As parents, we are not responsible for what our children decide to become, but we are responsible to them to help them figure out the best path to take. So how can we help support our kids wishes and dreams?
- Listen. Have a conversation about their wishes and dreams for the future. When they open up and tell you, just listen. JUST LISTEN. Resist the urge to suddenly appear as the resource that they need to get there. The coaches that make the most impact are the ones that are chosen, not the ones who force themselves upon their team. Allow your child the opportunity to choose you. The more they believe that you are someone that listens to them, the greater the chance will be that they will come to you again.
- Ask. Now would be the time to begin asking them some questions. Not third-degree type stuff, but a simple inquiry about how they believe they can achieve what they want most. “So you want to make the Honor Roll? What do you think you need to do in order to get there? Is there any way that I can help?” Helping them begin to formulate a plan is one of the best ways that we can support them in their quest. When you do this, you are adhering to the old Chinese proverb that tells us, “When you teach a man to fish, you feed him for a lifetime.” Once they learn the concept, they can always return to the process.
- Be Present. When they decide what they want and how they want to get there, be a witness for them along the way.

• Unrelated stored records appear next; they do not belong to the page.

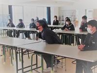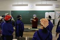 11月26日に,2・3年生がイカ料理教室を行いました。地元の講師の方に小木船凍イカを刺身にする調理を教えていただきました。小木といえばイカの町なのですが,中学生はなかなか家でイカを調理する機会もないようです。今回初めての調理ということもあり,不安もあったようですが,講師の方に丁寧に教えていただいたことで,全員がきれいなイカの刺身を作ることができました。学校では残念ながら生の魚を食べることはできないので,刺身にしたものをきのこと一緒にホイル焼きにしていただきました。さすが小木のイカ!自分で作ったこともあって,とてもおいしかったです。
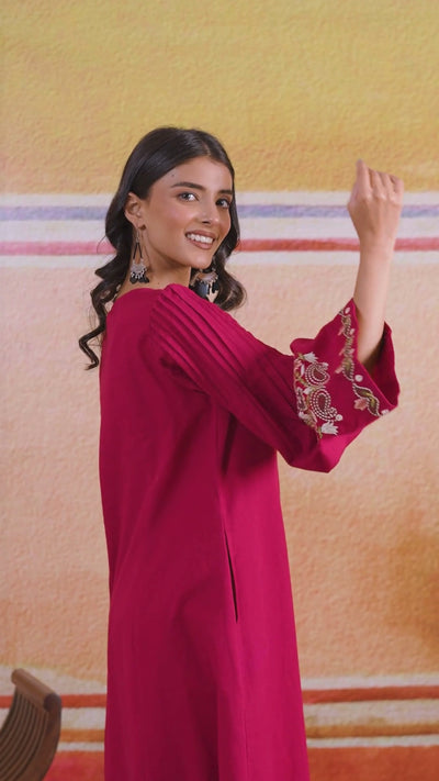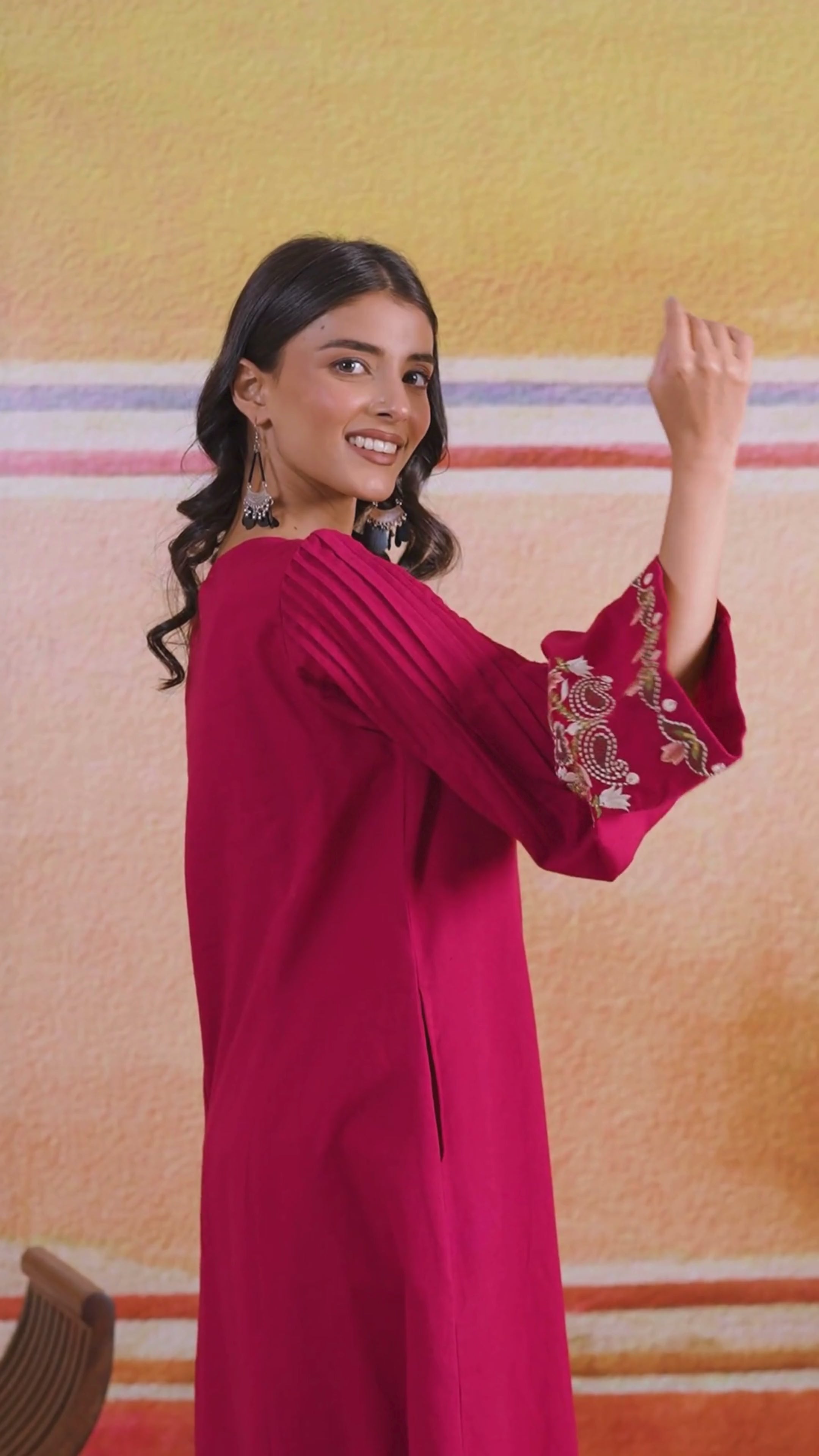 Immerse yourself in timeless elegance with this red traditional dress, adorned with intricate floral embroidery in soft beige and gold tones. The below-knee silhouette features wide sleeves and a relaxed fit, offering both comfort and grace. Crafted in the same premium fabric as our co-ord sets, this piece is ideal for cultural gatherings, festive occasions, or elegant daywear. Paired with neutral-toned heels, it creates a striking yet sophisticated ensemble.
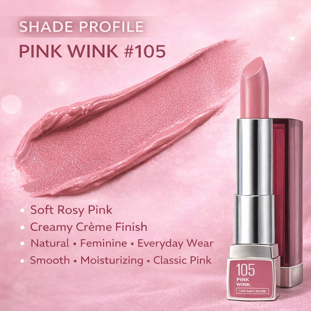 Enhance your lips with the classic beauty of Maybelline Color Sensational Lipstick in Pink Wink #105. This full-size lipstick delivers a creamy, smooth finish with rich color payoff and comfortable wear.
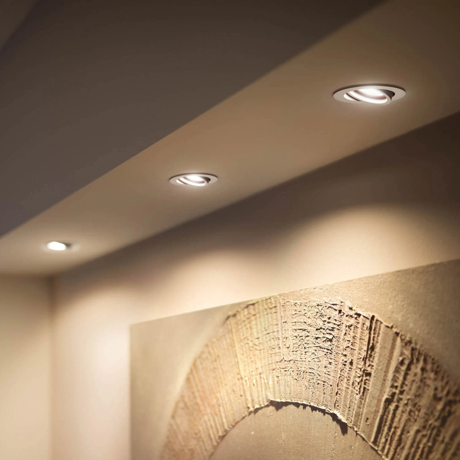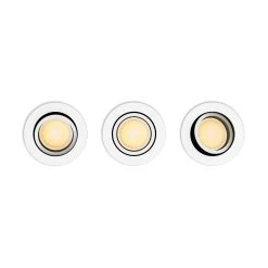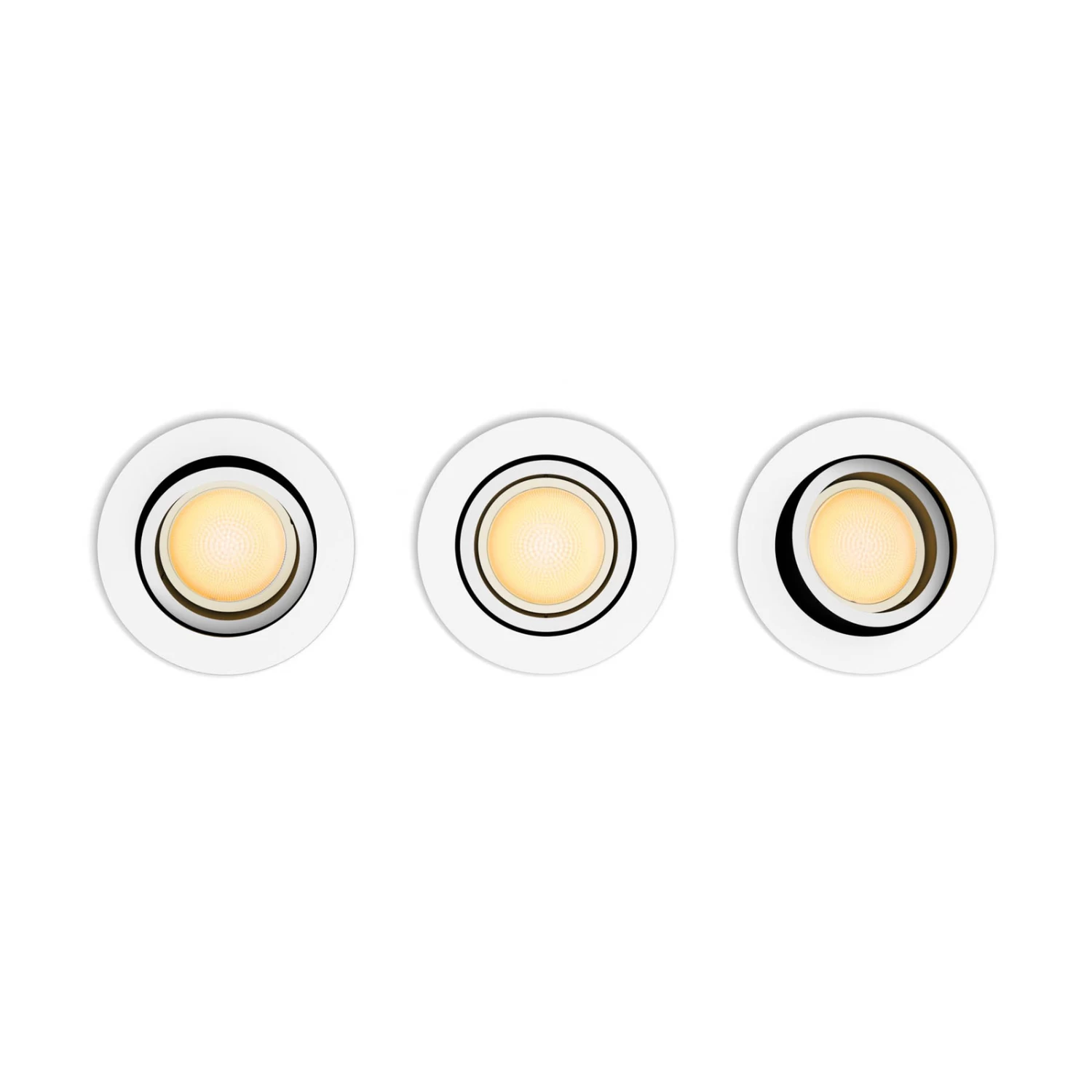 Der moderne, runde LED-Einbauspot Milliskin aus der Philips Hue Produktfamilie ist mit einem smart steuerbaren Leuchtmittel bestückt. Dieses findet in einem rundum schwenkbaren Leuchtenkopf Platz und bietet eine variable Helligkeit und Farbtemperatur.
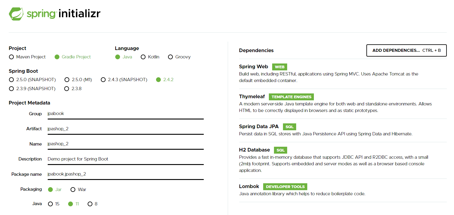 8) dependency는 Spring Web, Thymeleaf, Spring Data JPA, H2 Database를 추가

When we learn to calmly watch our children, we can enjoy simply being in the moment with them. Our calm will lead our children to see us as a resource. When we are present with them, we will witness their success and their failure; their jubilation and disappointment. We are there to help them navigate their way through whatever life hands them.
We support our kids’ wishes and dreams by helping them build their own futures. When their goals belong to them, they will care for them; they will protect them. Let’s witness the greatness within them. Let’s celebrate when they finally discover it for themselves.